The criminal case for anti-squatting (Crim. Case No. 4659) was filed by
private respondents Malvar against petitioner Bongato. The case is still
pending with the Regional Trial Court, Branch I, Butuan City.
On March 28, 1994, petitioner filed a motion for extension of the March 29,
1994 deadline for the submission of the relocation survey and to move the
deadline to April 15, 1994, as the engineer concerned, Engr. Lumarda,
could not conduct his survey during the Holy Week, he being a lay minister
and parish council member.
On April 7, 1994, respondent Judge noted that no survey report was
submitted and ordered the record of the case returned to the court of
origin for disposal.
CA:
The CA held that the lot referred to in the present controversy was different from
that involved in the anti-squatting case.[6] It further ruled that the Municipal Trial
Court in Cities (MTCC) had jurisdiction, and that it did not err in rejecting
petitioners Motion to Dismiss. The appellate court reasoned that the MTCC had
passed upon the issue of ownership of the property merely to determine
possession -- an action that did not oust the latter of its jurisdiction.
ISSUE:
Whether or not the Court of Appeals gravely abused its discretion in not finding
that the trial court lacked jurisdiction since the Complaint was filed beyond the
one-year period from date of alleged entry;

SC:
It is wise to be reminded that forcible entry is a quieting process, and that the
restrictive time bar is prescribed to complement the summary nature of such
process.[42] Indeed, the one-year period within which to bring an action for
forcible entry is generally counted from the date of actual entry to the land.

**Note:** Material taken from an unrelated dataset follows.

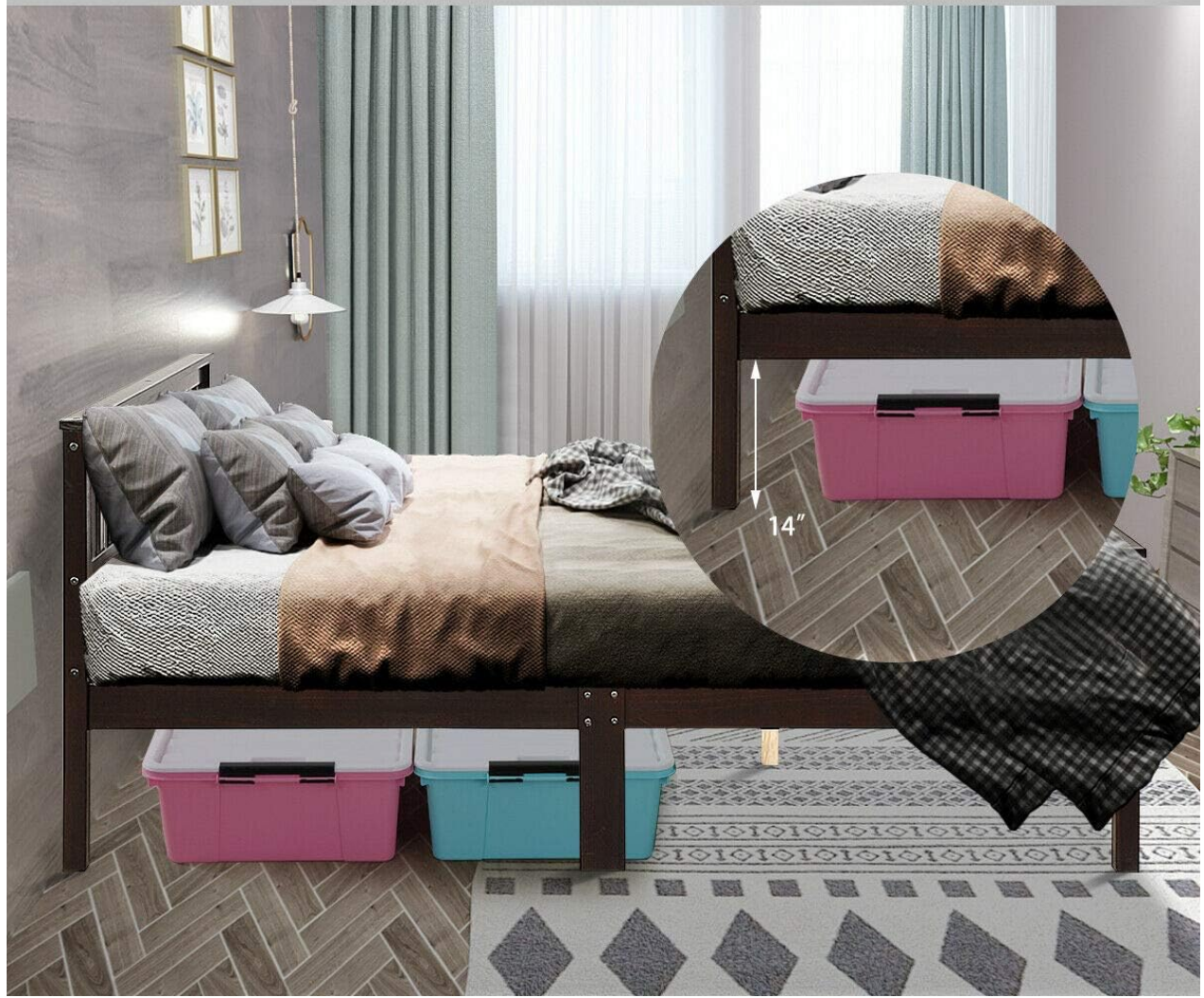
Figure 5.1: Illustration of the large under-bed storage space, demonstrating how the 14-inch clearance can be used for organizing items.

However, when entry is made through stealth, then the one-year period is
counted from the time the plaintiff learned about it.[43] After the lapse of the
one-year period, the party dispossessed of a parcel of land may file either an
accion publiciana, which is a plenary action to recover the right of possession; or
an accion reivindicatoria, which is an action to recover ownership as well as
possession.
On the basis of the foregoing facts, it is clear that the cause of action for forcible
entry filed by respondents had already prescribed when they filed the Complaint
for ejectment on July 10, 1992.[45] Hence, even if Severo Malvar may be the
owner of the land, possession thereof cannot be wrested through a summary
action for ejectment of petitioner, who had been occupying it for more than one
(1) year.[46] Respondents should have presented their suit before the RTC in an
accion publiciana or an accion reivindicatoria, not before the MTCC in summary
proceedings for forcible entry.[47] Their cause of action for forcible entry had
prescribed already, and the MTCC had no more jurisdiction to hear and decide it.